(AVAILABLE DATA Opens)
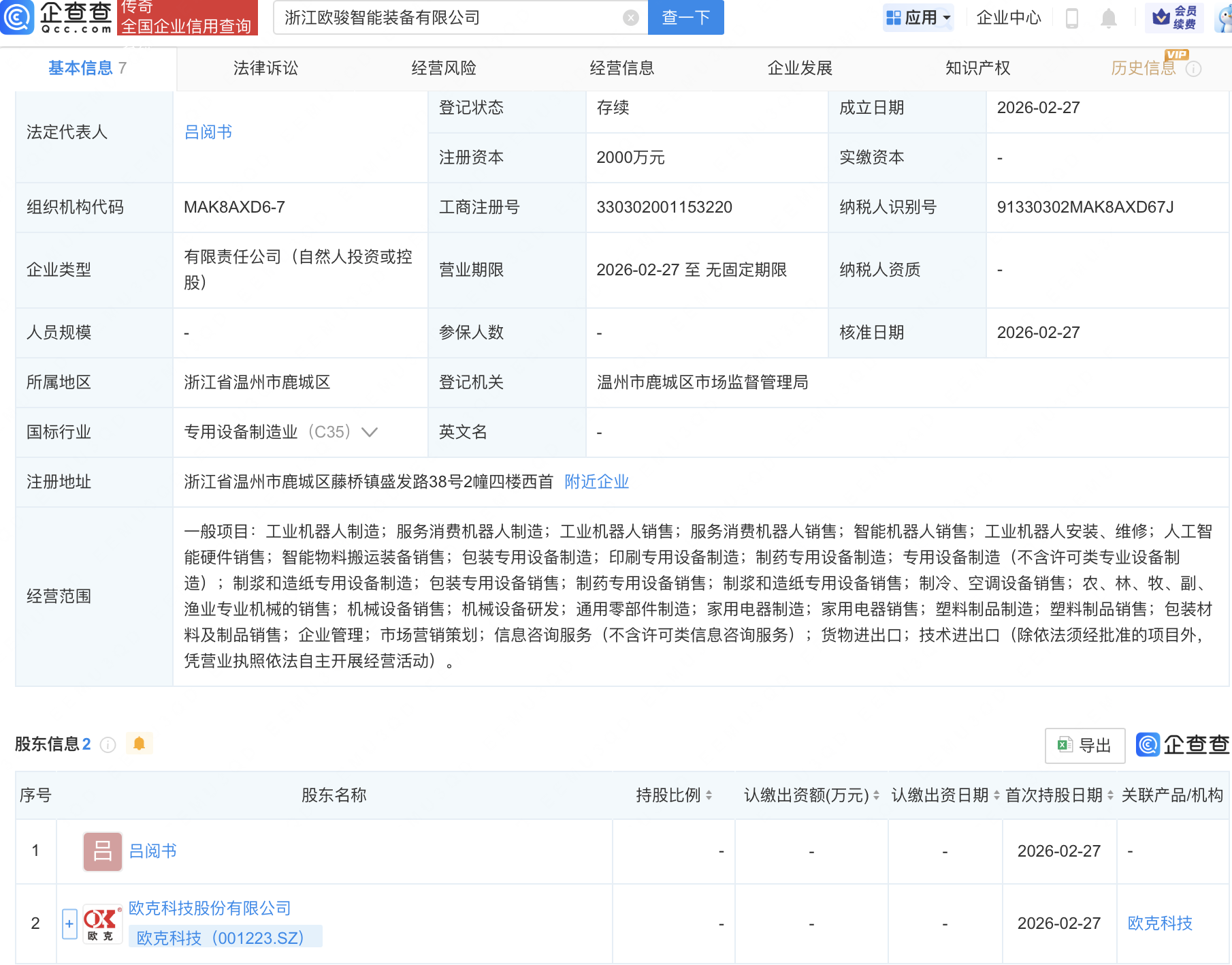 企查查APP显示,近日,浙江欧骏智能装备有限公司成立,注册资本2000万元,经营范围包含:工业机器人销售;服务消费机器人销售;智能机器人销售;工业机器人安装、维修;人工智能硬件销售等。企查查股权穿透显示,该公司由欧克科技(001223)等共同持股。
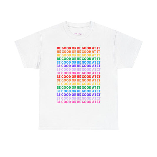 Be Good or Be Good at It - Multi Rainbow Pattern // Motivational Unisex Heavy Cotton Tee
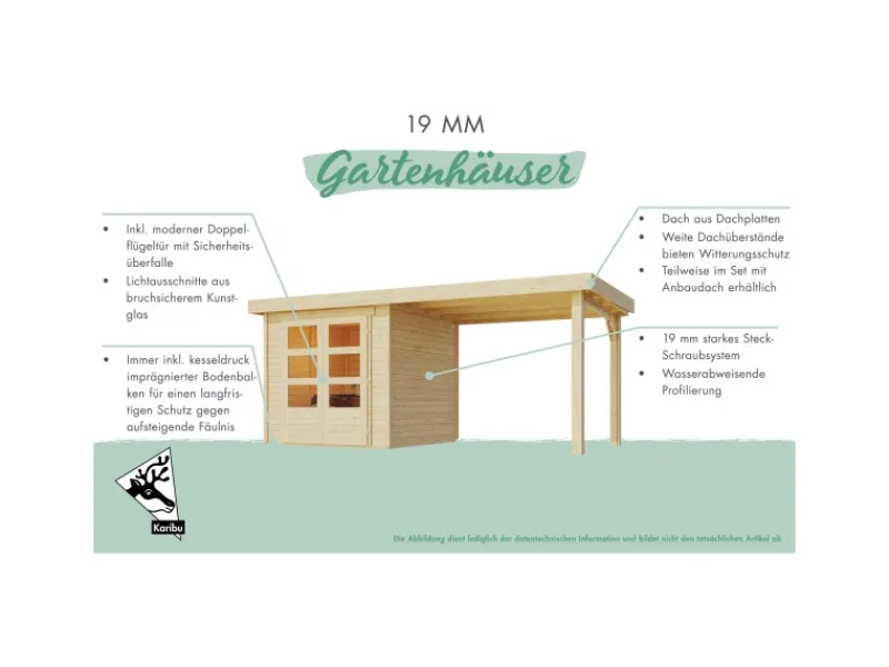 Das Gartenhaus wird aus 19 mm starken Wandbrettern aus nordischer Fichte im Steck-/Schraubsystem gefertigt und gewährleistet somit einen einfachen Aufbau. Das Flachdach besteht aus Dachplatte. Die Grundfläche beträgt 9,03 qm bei einem umbauten Raum von 8,6 cbm. Mit einer Seitenhöhe von 195 cm und einer Firsthöhe von 211 cm bietet das Gerätehaus optimale Raumnutzung. Das Gartenhaus ohne Anbauten hat ein Sockelmaß von 298 cm x 242 cm. Bodenbalken sorgen für den Schutz von unten und werden unter das Gartenhaus gelegt. Durch die Kesseldruckimprägnierung der Bodenbalken sind diese vor Witterungseinflüssen und holzzersetzenden Pilzen bereits geschützt. Die praktische und vormontierte Tür sorgt mit ihren großzügigen Abmessungen und dem Massivholzrahmen für einen einfachen Zutritt in das Gartenhaus und sichert den Inhalt nebenbei effektiv vor unbefugtem Zugriff. Die Verglasung der Lichtausschnitte sorgt für großzügigen Tageslichteinfall.
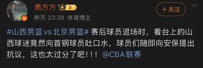 山西男籃主場和北京男籃的比賽打得非常激烈,結果是以1分之差不敵對手,遭遇了一波三連敗。據北京體育記者勇方方透露,在比賽結束后北京男籃球員退場時,不僅遭到了現場球迷辱罵,更有球迷從看臺上向雷蒙等球員吐口水,引發了媒體和球迷的關注。在賽后的新聞發布會上,雷蒙也提到了此事,他表示球隊輸掉了比賽,球迷罵幾句發泄一下也就算了,向球員吐口水的行為就跌分兒了。
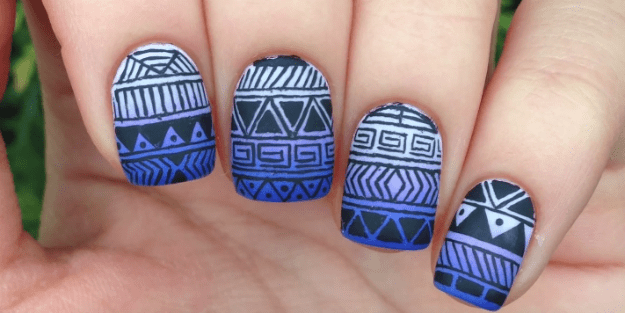 nail aztec purple tutorial gradient matte print designs
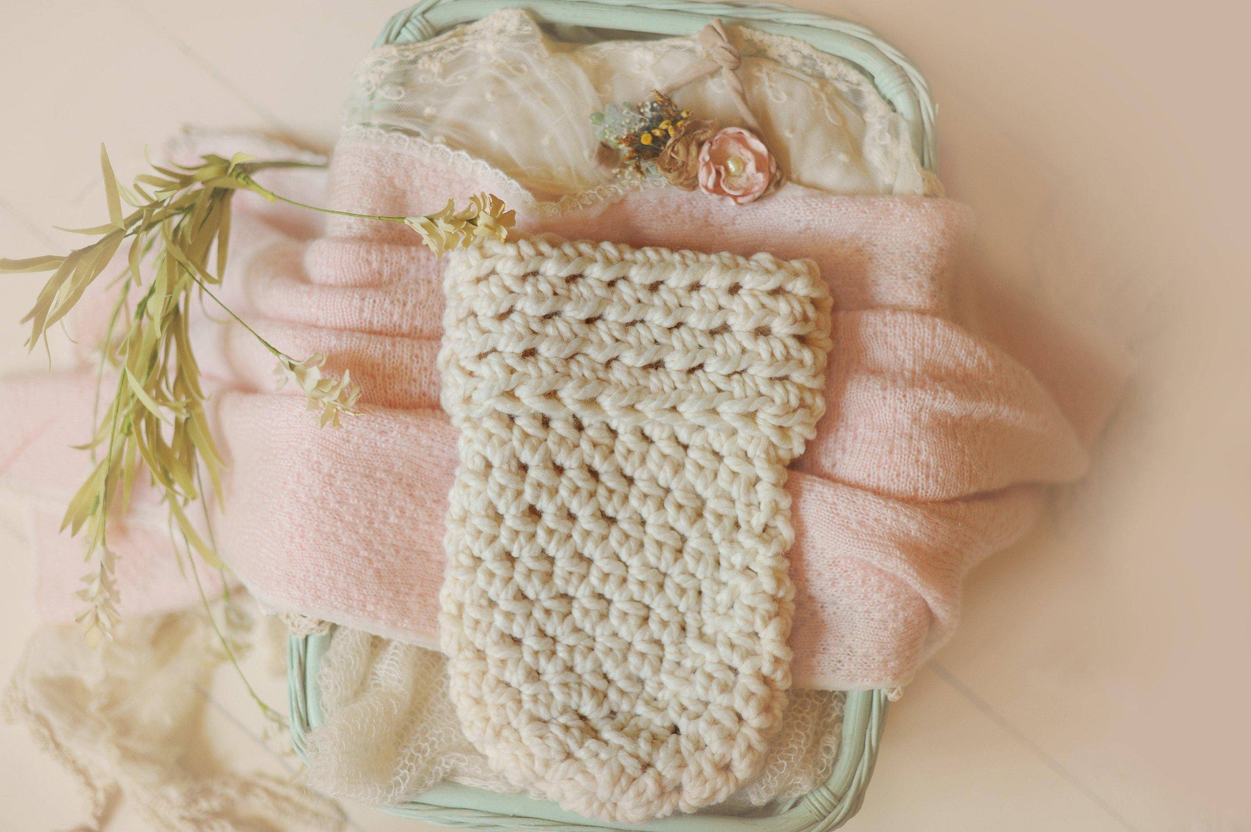 This lovely cream newborn photographic cocoon swaddle prop is made to look absolutely stunning. It will keep your infant warm and comfortable while also giving your newborn photography set a lovely rustic ambiance.
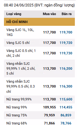 Riêng tại Phú Quý, vàng miếng SJC vẫn tiếp tục được mua vào thấp hơn so với các thương hiệu khác 700.000 đồng/lượng chiều mua vào, niêm yết ở mức 117,0 - 119,7 triệu đồng/lượng (mua vào - bán ra).
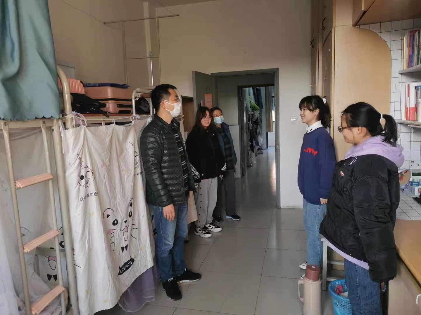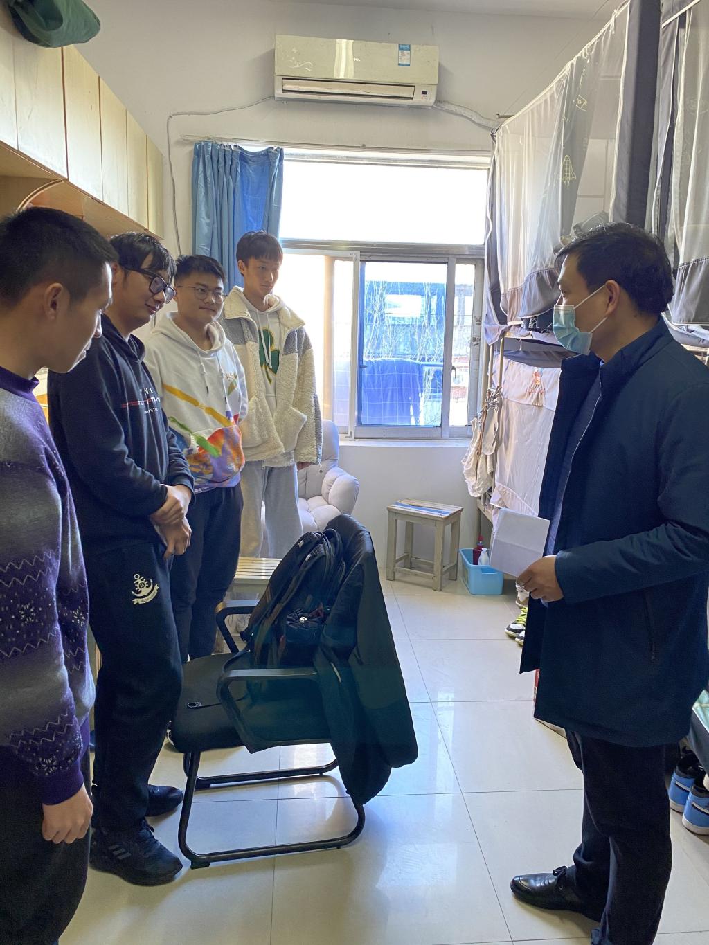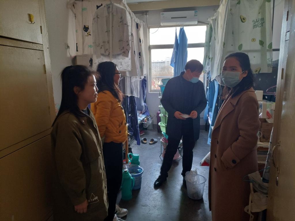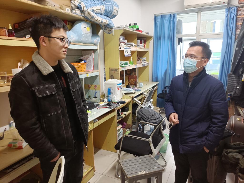 走访过程中,学院领导、辅导员与学生亲切交谈,了解同学们寒假期间的所学所获,询问新学期的学习计划,初步掌握了学生新学期初的思想动态。此外,学院领导叮嘱同学们,疫情常态化管理期间,一定要严格遵守学校的相关规定,保持宿舍卫生,坚决杜绝违章电器,保证安全、舒适的生活学习环境。
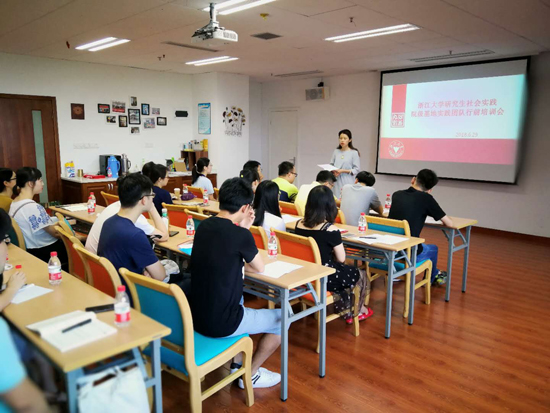 2018年6月29日,浙江大学生工食品学院社会实践院级基地实践团队行前培训会在学院会议室D422举行。行前培训由兼职辅导员胡颀主持,学院党委副书记费兰兰老师作动员讲话,学院研究生辅导员张云飞老师详细介绍了社会实践相关事宜。
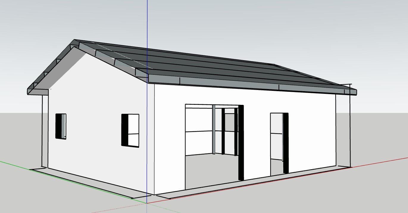 white steel wall cladding grey steel roof cladding nice doors and windows landscaped with driveway and stone walkway
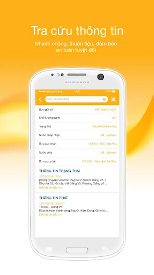 VietnamPost is a Financial Transaction Support application for customers installed on iOS or Android smart mobile phones, allowing customers to make transactions safely and conveniently.
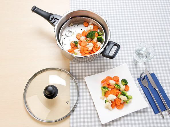 Différents dispositifs de sécurité : vous verrouillez et déverrouillez le couvercle à l'aide d'une seule commande coulissante et d'un mouvement de rotation. La surpression s'échappe du régulateur ou de la soupape de sécurité de manière contrôlée. L'anneau d'étanchéité et les cavités sur le bord de la casserole garantissent une sortie de vapeur sûre maîtrisée.
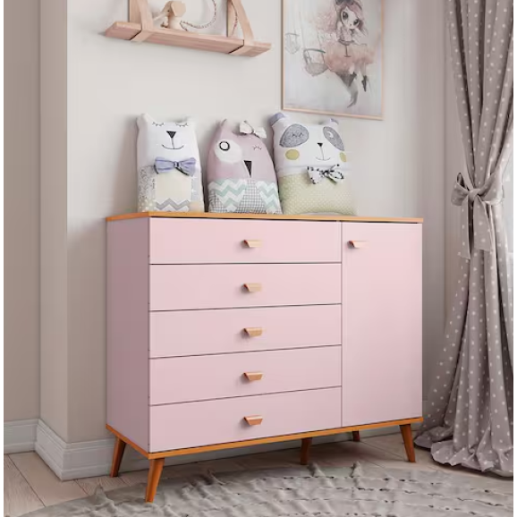 Com suas 5 gavetas espaçosas, esse móvel é projetado para áreas infantis e proporciona um amplo espaço de armazenamento para suas roupas, acessórios e objetos pessoais, mantendo tudo organizado e ao alcance das mãos. Além disso, as corrediças telescópicas permitem um deslizamento suave e silencioso, facilitando o acesso aos itens guardados.
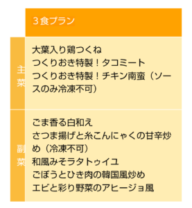 就業開始の一週間だけで退会するつもりだったのですが、システムをよく理解しておらず今週分が来てしまいました。メニュー内容は次のとおりでした。
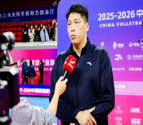 上海男排主教練沈瓊接受采訪。
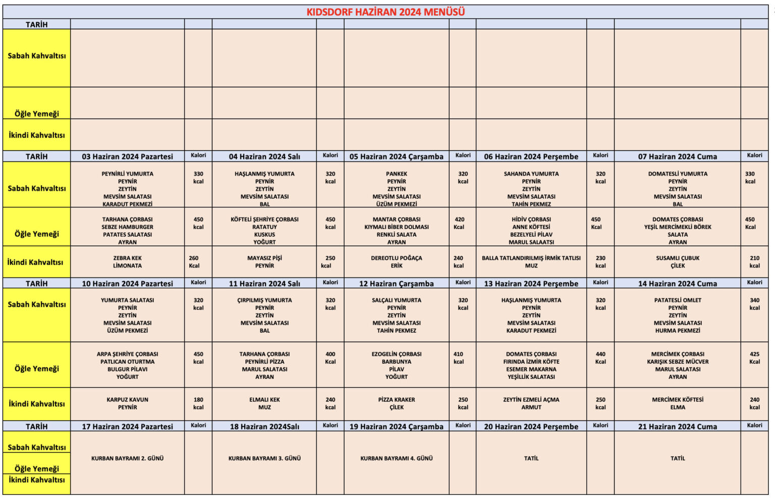 08 Eylül - 12 Eylül Yemek Menüsü
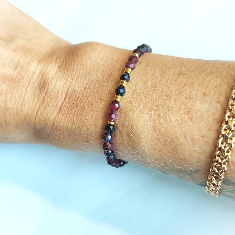 Стильний браслет з натурального гранату зібраний на ювелірний тросик з фурнітурою з медсплаву (крім обжимних бусинок) зі зручним затяжним замочком. Гранат розміром 4 мм Розмір підкоректую під ваш ;)
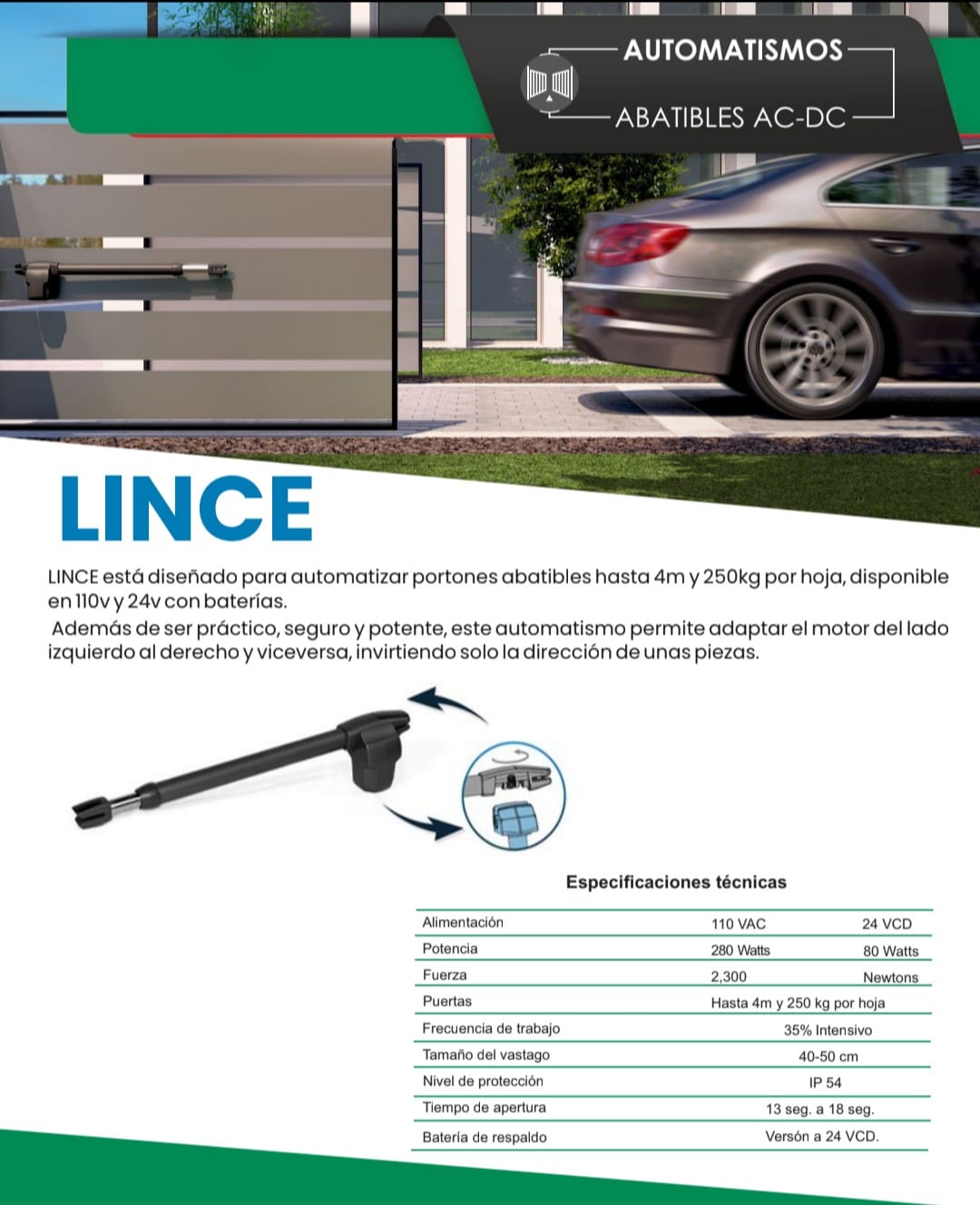 cuenta con regulación de carreras en apertura y cierre y además de parada suave en su recorrido de cierre.
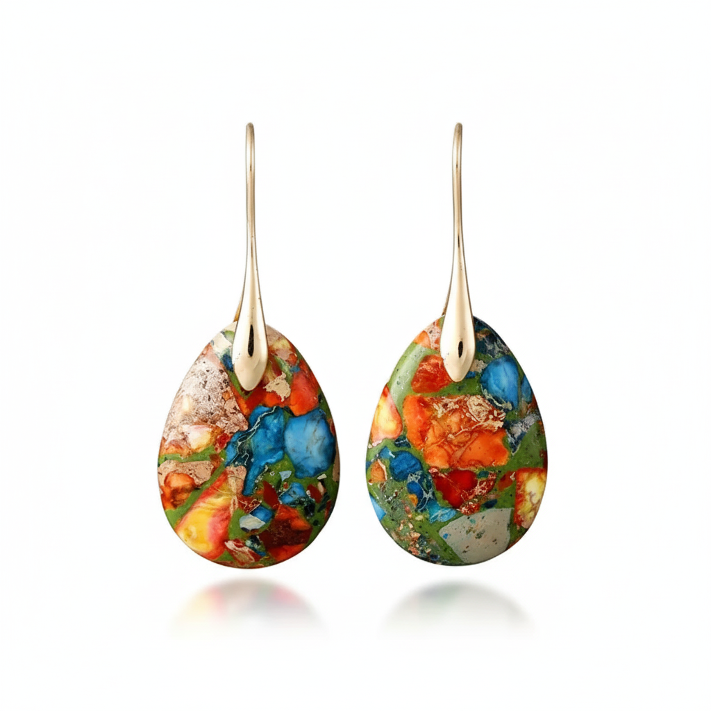 Meet the “Harlequin Drops” Earrings – a burst of color and energy to brighten your day. Made from multicolored jasper, they combine the stone’s natural beauty with a joyful, artistic touch.
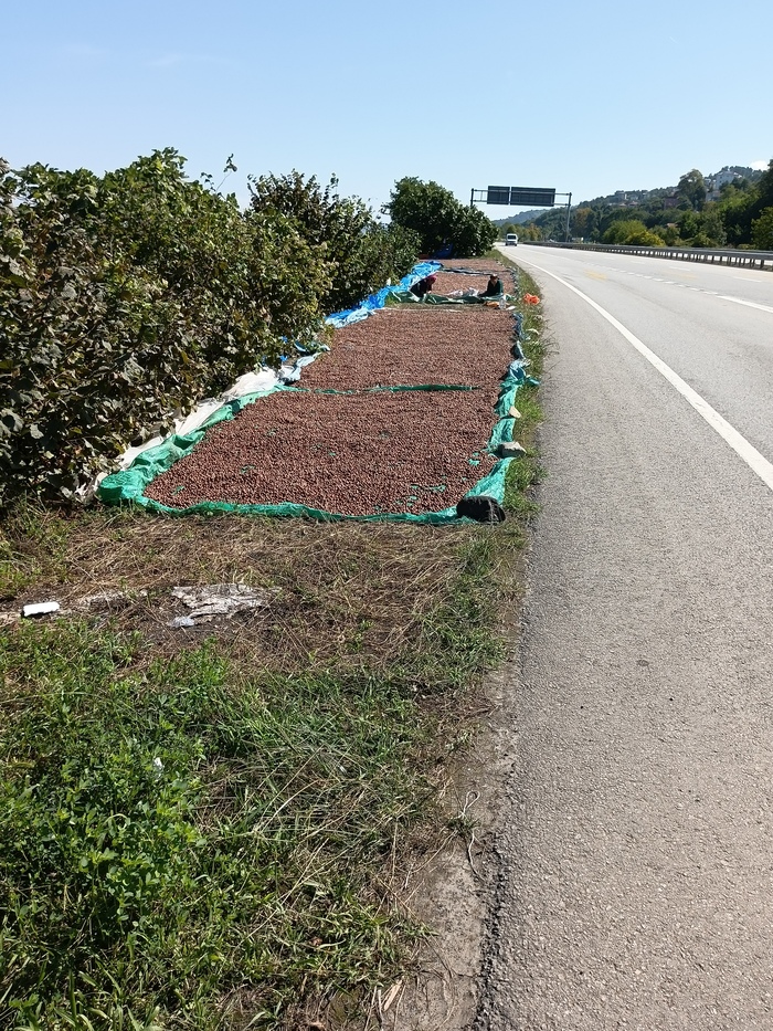 День пятый. Поели инжира и поехали. Вдоль Черного моря дальше двинулись на Самсун. Попали на сезон сбора фундука. Много десятков км все тротуары, велодородки, любые площадки - засыпаны им на просушку
(AVAILABLE DATA Closes)
Your answer must be everything above from the line with "2018年6月29日,浙江大" down to the line with "Différents dispositifs de", word for word, and no pictures.

 2018年6月29日,浙江大学生工食品学院社会实践院级基地实践团队行前培训会在学院会议室D422举行。行前培训由兼职辅导员胡颀主持,学院党委副书记费兰兰老师作动员讲话,学院研究生辅导员张云飞老师详细介绍了社会实践相关事宜。
 white steel wall cladding grey steel roof cladding nice doors and windows landscaped with driveway and stone walkway
 VietnamPost is a Financial Transaction Support application for customers installed on iOS or Android smart mobile phones, allowing customers to make transactions safely and conveniently.
 Différents dispositifs de sécurité : vous verrouillez et déverrouillez le couvercle à l'aide d'une seule commande coulissante et d'un mouvement de rotation. La surpression s'échappe du régulateur ou de la soupape de sécurité de manière contrôlée. L'anneau d'étanchéité et les cavités sur le bord de la casserole garantissent une sortie de vapeur sûre maîtrisée.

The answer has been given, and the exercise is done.